Željko Kerum (born 25 September 1960) is a Croatian entrepreneur and politician who served as Mayor of Split from 2009 to 2013. He also owned the supermarket chain Kerum until it folded in 2012.

He won the election in 2009 and became the mayor, but failed to qualify for the second round of the election in 2013. In the 2017 election, Andro Krstulović Opara from the HDZ defeated him in the second round of voting.

Early life 
Kerum was born in the village of Ogorje (part of Muć) in the Dalmatian hinterland. He graduated from the Technical High School in Split in 1978. In 1981 he got his first job in the Split construction company Melioracija, spending a year in Iraq working on military bases.

Business career 
He founded the company Kerum in 1989, opening his first convenience store in 1990. Six years later he opened his first supermarket in the Lora neighbourhood of Split. In 2003 he bought the Diokom industrial facilities (ex-Jugoplastika), and in 2007 he opened the Joker shopping mall, the largest in Dalmatia at the time.

Politics 
In the first round of the 2009 elections for Mayor of Split, Kerum as an independent candidate won 40.21% of the popular vote, while his closest rival Ranko Ostojić (SDP) won 34.72%. On 31 May, he won 58.42% of the vote, making him the incumbent mayor of Split.

In September 2009, during a live television interview on the Nedjeljom u 2 talk show that airs on the Croatian state broadcaster HRT 1, in response to host Aleksandar Stanković's question if Serb businessmen are welcome in Croatia, Kerum answered: "If it was up to me I would not let them because Serbs never brought us anything good in the past and they will not do it now. Not only Serbs, but also Montenegrins. And whoever is doing business with them will not make out OK". Asked further by Stanković if he would accept a man of Serb ethnicity as a son-in-law, Kerum answered emphatically: "No, never".

On 16 January 2011, the citizens of Split, on the initiative of an informal group of citizens gathered on Facebook, protested at the Prva Voda beach on the Marjan park mountain in Split against a change of city urban planning regulation that allowed construction of restaurants and bars in the beach area. According to plans, on the proposed beach site a company owned by his mistress Fani Horvat planned to build such an object, with the destruction of protected wood area. The idea was perceived as a nepotistic venture and favouring of Kerum's own interests instead of the city's. Kerum also caused a stir in Split when he proposed to build a 40 meter tall statue of Christ the Redeemer to rival that of Brazil.

In 2011, he became a candidate in the 2011 Croatian parliamentary election on the electoral list of the Croatian Democratic Union.
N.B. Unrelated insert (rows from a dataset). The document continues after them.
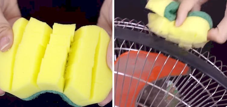 Ak ste to nikdy neskontrolovali, rotačné ventilátory sa dokážu úplne zašpiniť prachom. DIY YouTuberi WeDoIt ukazujú, že pokiaľ ide o utieranie prachu z ťažko dostupných zákutí, stačí vám na to vyčistená špongia. Tento postup funguje aj pri rúrach na pečenie a chladiacich stojanoch.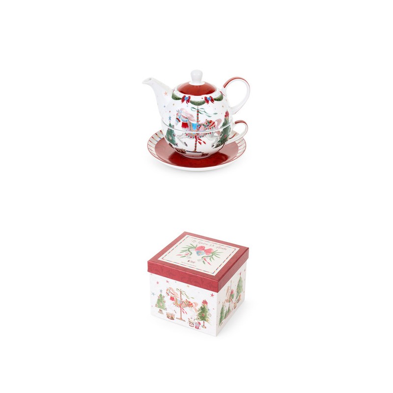 Set completo da thè per una persona, include una tazza e una teiera con disegni natalizi in stile retrò.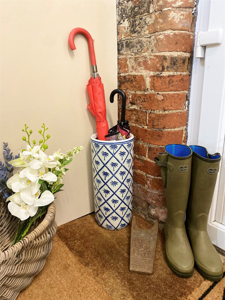 Blue Palm tree print ceramic umbrella stand, with a gloss finish. Perfect for keeping your hallway tidy. The internal diameter is 15cm and will hold several umbrellas. Measurements: D20 x H44 x W20cm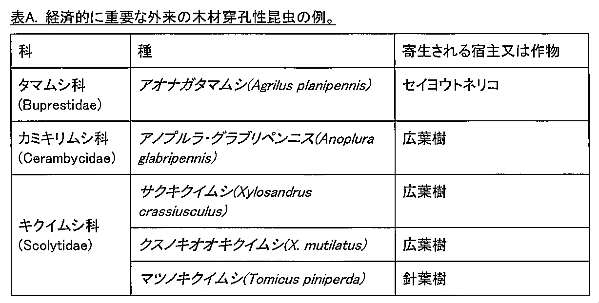 アセテート+TX、ドデカ-8+TX、10-ジエン-1-イルアセテート+TX、ドミニカルア+TX、エチル4-メチルオクタノエート+TX、ユージノール+TX、フロンタリン+TX、グランドルア+TX、グランドルアI+TX、グランドルアII+TX、グランドルアIII+TX、グランドルアIV+TX、ヘキサルア+TX、イプスジエノール+TX、イプセノール+TX、ジャポニルア+TX、リネアチン+TX、リトルア+TX、ループルア+TX、メドルア+TX、メガトモ酸+TX、メチルユージノール+TX、ムスカルア+TX、オクタデカ-2,13-ジエン-1-イルアセテート+TX、オクタデカ-3,13-ジエン-1-イルアセテート+TX、オルフラルア+TX、オリクタルア+TX、オストラモン+TX、シグルア+TX、ソルジジン+TX、スルカトール+TX、テトラデカ-11-エン-1-イルアセテート+TX、トリメドルア+TX、トリメドルアA+TX、トリメドルアB1+TX、トリメドルアB2+TX、トリメドルアC+TX、トランク-コール+TX、2-(オクチルチオ)-エタノール+TX、ブトピロノキシル+TX、ブトキシ(ポリプロピレングリコール)+TX、アジピン酸ジブチル+TX、フタル酸ジブチル+TX、コハク酸ジブチル+TX、ジエチルトルアミド+TX、ジメチルカルベート+TX、フタル酸ジメチル+TX、エチルヘキサンジオール+TX、ヘキサアミド+TX、メトキン-ブチル+TX、メチルネオデカンアミド+TX、オキサメート+TX、ピカリジン+TX、1-ジクロロ-1-ニトロエタン+TX、1,1-ジクロロ-2,2-ビス(4-エチルフェニル)エタン+TX、1,2-ジクロロプロパン及び1,3-ジクロロプロペン+TX、1-ブロモ-2-クロロエタン+TX、2,2,2-トリクロロ-1-(3,4-ジクロロフェニル)エチルアセテート+TX、2,2-ジクロロビニル2-エチルスルフィニルエチルメチルホスフェート+TX、2-(1,3-ジチオラン-2-イル)フェニルジメチルカルバメート+TX、2-(2-ブトキシエトキシ)エチルチオシアネート+TX、2-(4,5-ジメチル-1,3-ジオキソラン-2-イル)フェニルメチルカルバメート+TX、2-(4-クロロ-3,5-キシリルオキシ)エタノール+TX、2-クロロビニルジエチルホスフェート+TX、2-イミダゾリドン+TX、2-イソバレリルインダン-1,3-ジオン+TX、2-メチル(プロパ-2-イニル)アミノフェニルメチルカルバメート+TX、2-チオシアナトエチルラウレート+TX、3-ブロモ-1-クロロプロパ-1-エン+TX、3-メチル-1-フェニルピラゾール-5-イルジメチルカルバメート+TX、4-メチル(プロパ-2-イニル)アミノ-3,5-キシリルメチルカルバメート+TX、5,5-ジメチル-3-オキソシクロヘキサ-1-エニルジメチルカルバメート+TX、アセチオン+TX、アクリロニトリル+TX、アルドリン+TX、アロサミジン+TX、アリキシカルブ+TX、アルファ-エクジソン+TX、リン化アルミニウム+TX、アミノカルブ+TX、アナバシン+TX、アチダチオン+TX、アザメチホス+TX、バチルス・チューリンゲンシス(Bacillus thuringiensis)デルタ内毒素+TX、ヘキサフルオロケイ酸バリウム+TX、バ多硫化バリウム+TX、バルトリン+TX、Bayer 22/190+TX、Bayer 22408+TX、ベータ-シフルトリン+TX、ベータ-シペルメトリン+TX、ビオエタノメトリン+TX、ビオペルメトリン+TX、ビス(2-クロロエチル)エーテル+TX、ホウ砂+TX、ブロムフェンビンホス+TX、ブロモ-DDT+TX、ブフェンカルブ+TX、ブタカルブ+TX、ブタチオホス+TX、ブトナート+TX、ヒ酸カルシウム+TX、シアン化カルシウム+TX、二硫化炭素+TX、四塩化炭素+TX、カルタップ塩酸塩+TX、セバジン+TX、クロルビシクレン+TX、クロルデン+TX、クロルデコン+TX、クロロホルム+TX、クロロピクリン+TX、クロルホキシム+TX、クロルプラゾホス+TX、シス-レスメトリン+TX、シスメトリン+TX、クロシトリン+TX、アセト亜ヒ酸銅+TX、ヒ酸銅+TX、オレイン酸銅+TX、クミトエート+TX、氷晶石+TX、CS 708+TX、シアノフェンホス+TX、シアノホス+TX、シクレトリン+TX、サイチオアート+TX、d-テトラメトリン+TX、DAEP+TX、ダゾメット+TX、デカルボフラン+TX、ジアミダホス+TX、ジカプトン+TX、ジクロフェンチオン+TX、ジクレシル+TX、ジシクラニル+TX、ジエルドリン+TX、ジエチル5-メチルピラゾール-3-イルホスフェート+TX、ジロール+TX、ジメフルトリン+TX、ジメタン+TX、ジメトリン+TX、ジメチルビンホス+TX、ジメチラン+TX、ジノプロプ+TX、ジノサム+TX、ジノセブ+TX、ジオフェノラン+TX、ジオキサベンゾホス+TX、ジチクロホス+TX、DSP+TX、エクジステロン+TX、EI 1642+TX、EMPC+TX、EPBP+TX、エタホス+TX、エチオフェンカルブ+TX、ギ酸エチル+TX、二臭化エチレン+TX、二塩化エチレン+TX、エチレンオキシド+TX、EXD+TX、フェンクロルホス+TX、フェネタカルブ+TX、フェニトロチオン+TX、フェノキサクリム+TX、フェンピリトリン+TX、フェンスルホチオン+TX、フェンチオン-エチル+TX、フルコフロン+TX、ホスメチラン+TX、ホスピラート+TX、ホスチエタン+TX、フラチオカルブ+TX、フレトリン+TX、グアザチン+TX、酢酸グアザチン+TX、テトラチオ炭酸ナトリウム+TX、ハルフェンプロックス+TX、HCH+TX、HEOD+TX、ヘプタクロール+TX、ヘテロホス+TX、HHDN+TX、シアン化水素+TX、ヒキンカルブ+TX、IPSP+TX、イサザホス+TX、イソベンザン+TX、イソドリン+TX、イソフェンホス+TX、イソラン+TX、イソプロチオラン+TX、イソオキサチオン+TX、幼若ホルモンI+TX、幼若ホルモンII+TX、幼若ホルモンIII+TX、ケ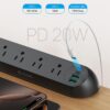 This desk power strip features 2 PD 20W USB C and 2 QC 18W USB A, using a single USB C provides PD 20W Max, using a single USB A provides QC 18W Max, and using any two or more USB ports provides 15W Max. Enjoy fast, efficient charging for your phone and other USB devices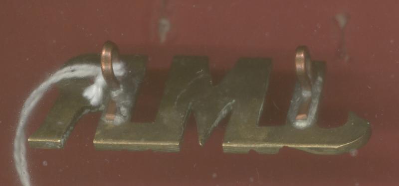 Good scarce J.M.R in block capitals hand cut from sheet brass. Replacement loops to the reverse. GC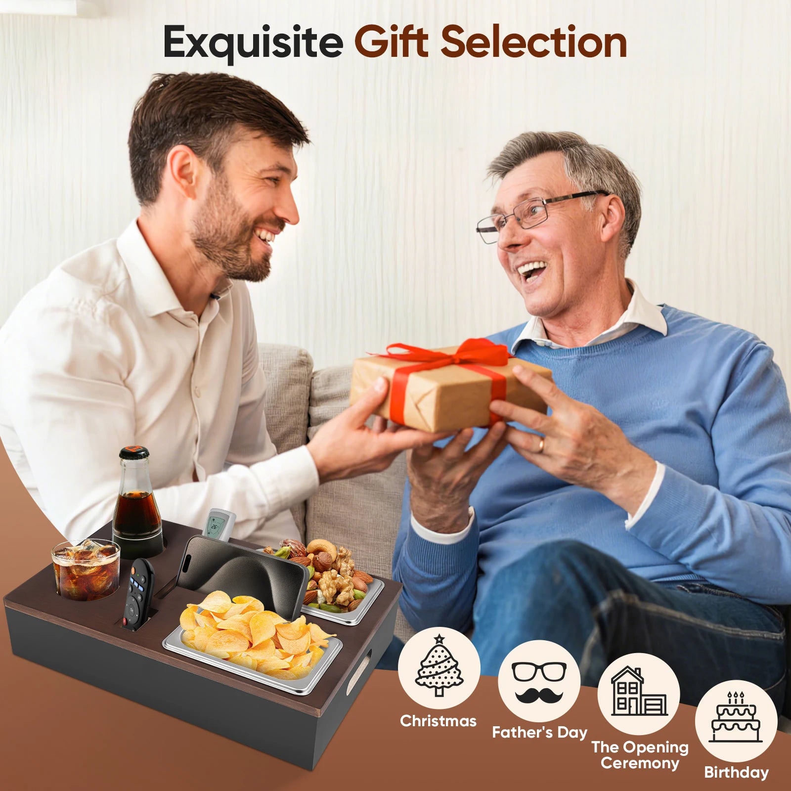 - Vaihda juomien ja välipalojen välillä ilman, että sinun tarvitsee nousta sohvalta—integroitu puhelinteline pitää laitteesi helposti saatavilla ja kätesi vapaina.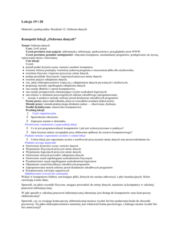 Lekcja 19 i 20 Materiał z podręcznika: Rozdział 12. Ochrona danych Konspekt lekcji „Ochrona danych” Temat: Ochrona danych Czas: 2x45 minut Uczeń powinien znać pojęcia: informatyka, informacja, społeczeństwo, przeglądarka stron WWW. Uczeń powinien posiadać umiejętności: włączania komputera, uruchamiania programów, posługiwania się myszą, wpisywania tekstu z klawiatury. Cele lekcji: Uczeń: ♦ potrafi podać kryteria oceny wartości zasobów komputera, ♦ rozumie różnicę pomiędzy wartością rynkową programu a znaczeniem pliku dla użytkownika. ♦ rozróżnia fizyczne i logiczne przyczyny utraty danych, ♦ podaje przykłady fizycznych i logicznych przyczyn utraty danych. ♦ rozumie pojęcie odtajnianie danych, ♦ wie, jakie niebezpieczeństwa wiążą się z odtajnieniem danych prywatnych i służbowych, ♦ proponuje metody zapobiegania odtajnieniu danych. ♦ zna zasady dbałości o sprzęt komputerowy, ♦ zna zasady postępowania zmniejszające ryzyko uszkodzeń logicznych. ♦ zna różnice w działaniu poszczególnych odmian szkodliwego oprogramowania, 1. stosuje w praktyce metody ochrony przed działaniem szkodliwych programów. Formy pracy: praca indywidualna, praca ze wszystkimi uczniami jednocześnie. Metody pracy: metoda praktycznego działania; pokaz — obserwacja; dyskusja. Środki dydaktyczne: stanowisko komputerowe. Przebieg lekcji: 2. Część organizacyjna Sprawdzenie obecności. Zapisanie tematu w dzienniku. Powtórzenie wiadomości z poprzedniej lekcji Co to jest programowalność komputerów i jak jest wykorzystywana w praktyce? Jakie kryteria należy uwzględnić przy dobieraniu aplikacji do zestawu komputerowego? Podanie tematu i zapoznanie uczniów z celami lekcji Celem lekcji jest zapoznanie ucznia z możliwymi przyczynami utraty danych oraz przeciwdziałaniu im. Podanie nowego materiału ♦ Omówienie kryteriów oceny wartości danych. ♦ Wyjaśnienie fizycznych przyczyn utraty danych ♦ Wyjaśnienie logicznych przyczyn utraty danych. ♦ Omówienie różnych powodów odtajniania danych. ♦ Omówienie zasad zapobiegania uszkodzeniom fizycznym ♦ Przedstawienie zasad zapobiegania uszkodzeniom logicznym ♦ Objaśnienie zasad klasyfikacji szkodliwych programów ♦ Zaproponowanie metod ochrony przed działaniem szkodliwych programów ♦ Przedstawienie roli kopii zapasowych Zdefiniowanie ćwiczeń do wykonania Wskaż w komputerze foldery zawierające pliki, których nie można odtworzyć z płyt instalacyjnych. Które zawierają ważne dane. Sprawdź, na jakie czynniki fizyczne, mogące prowadzić do utraty danych, narażone są komputery w szkolnej pracowni informatycznej. W jaki sposób w szkolnej pracowni informatycznej chroniony jest dostęp do komputerów oraz kont poczty elektronicznej? Sprawdź, czy ze swojego konta poczty elektronicznej możesz wysłać list bez podawania hasła do skrzynki pocztowej. Na jakie niebezpieczeństwo narażony jest właściciel konta pocztowego, z którego można wysłać list bez autoryzacji? Sprawdź, czy w szkolnej pracowni informatycznej są przestrzegane wszystkie zasady dbałości o sprzęt? Jakie zasady dbałości o pliki stosujesz podczas pracy z komputerem? Jakie dane utracisz bezpowrotnie, jeśli komputer, przy którym pracujesz ulegnie teraz awarii? Jak możesz temu zapobiec? Który z elektronicznych pasożytów (wirus, robak, trojan) może spowodować zablokowanie sieci komputerowej. W kolejności określonej przez nauczyciela uczniowie wykonują ćwiczenia: Uczniowie znajdują pliki, które zostały utworzone przez użytkowników komputera. Wykorzystują do tego celu nazwy plików dostępne po wybraniu poleceń: 1. 2. 3. 4. 5. Menu Start, Moje dokumenty Menu Start, Moje bieżące dokumenty, Menu Start, Moje obrazy, Menu Start, Moja muzyka Menu Start, Wyszukaj a następnie wpisują rozszerzenia nazw plików, które mogą zawierać istotne dane. Metoda opisana w punkcie e pozwala na znalezienie zagubionych plików. Uczniowie na podstawie rozdziału 12.2. podręcznika wykonują tabelę. W pierwszej kolumnie zapisane są potencjalne zagrożenia. W drugiej kolumnie wpisują czy i dlaczego komputer narażony jest na szkodliwy czynnik. Zapisują uwagę o sposobach usunięcia zagrożenia. Uczniowie na podstawie rozdziału 12.3. podręcznika wykonują tabelę. W pierwszej kolumnie zapisane są potencjalne przyczyny utraty danych. W drugiej kolumnie wpisują czy i dlaczego komputer narażony jest na utratę danych. Zapisują uwagę o sposobach usunięcia zagrożenia. Uczniowie uruchamiają program do obsługi korespondencji elektronicznej. Piszą list i adresują go do siebie. Wysyłają, bez podawania hasła (tylko na podstawie znajomości nazwy konta). Sprawdzają, czy prób wysyłki powiodła się. Wymieniają niebezpieczeństwa na jakie narażony jest właściciel konta pocztowego, z którego można wysłać list bez autoryzacji. Uczniowie na podstawie rozdziału 12.4. podręcznika wykonują tabelę. W pierwszej kolumnie wpisują sposób ochrony sprzętu. W drugiej kolumnie wpisują czy jest on stosowany w szkolnej pracowni komputerowej. Jeżeli nie jest on stosowany, zapisują uwagę o sposobach wdrożenia ochrony. Uczniowie na podstawie rozdziału 12.4. podręcznika wykonują tabelę. W pierwszej kolumnie wpisują stosowane zasady dbałości o pliki. W drugiej kolumnie wpisują informacje o stosowaniu zasady lub – jeśli nie jest stosowana – metodach usunięcia przeszkód w stosowaniu jej. Uczniowie wymieniają dane, które prawdopodobnie zostaną bezpowrotnie utracone jeśli komputer, przy którym pracują ulegnie teraz awarii. Podają propozycje kroków, jakie należy przedsięwziąć, aby zminimalizować ryzyko utraty danych. Uczniowie wymieniają cechy charakterystyczne elektronicznych pasożytów: wirusa, robaka, trojana. Wskazują, który z rodzajów może spowodować zablokowanie sieci komputerowej. Znajdują w Internecie informacje o symptomach ataku i szkodach wyrządzo

In the 2013 Croatian local elections Kerum won only 18.57% of the popular vote while re-running for mayor, which did not qualify him to the second round of the election. Also, Kerum's Croatian Civic Party won only 12.41% of the popular votes for the city council of Split.

In the 2015 Croatian parliamentary election, his party won only 2,234 votes in the two Dalmatian constituencies and became a non-parliamentary party.

Personal life 
In 1989, Kerum married his wife Anka Lalin, with whom he has a daughter and son. In 2009, he surprised the public by publicly announcing he was divorcing his wife to be with his pregnant mistress Fani Horvat, who was nearly 25 years his junior. The news caused many in the media to point out the hypocrisy in his political image, where he has consistently presented himself as a supporter of traditional values and a conservative world view, but had been participating in an extramarital affair.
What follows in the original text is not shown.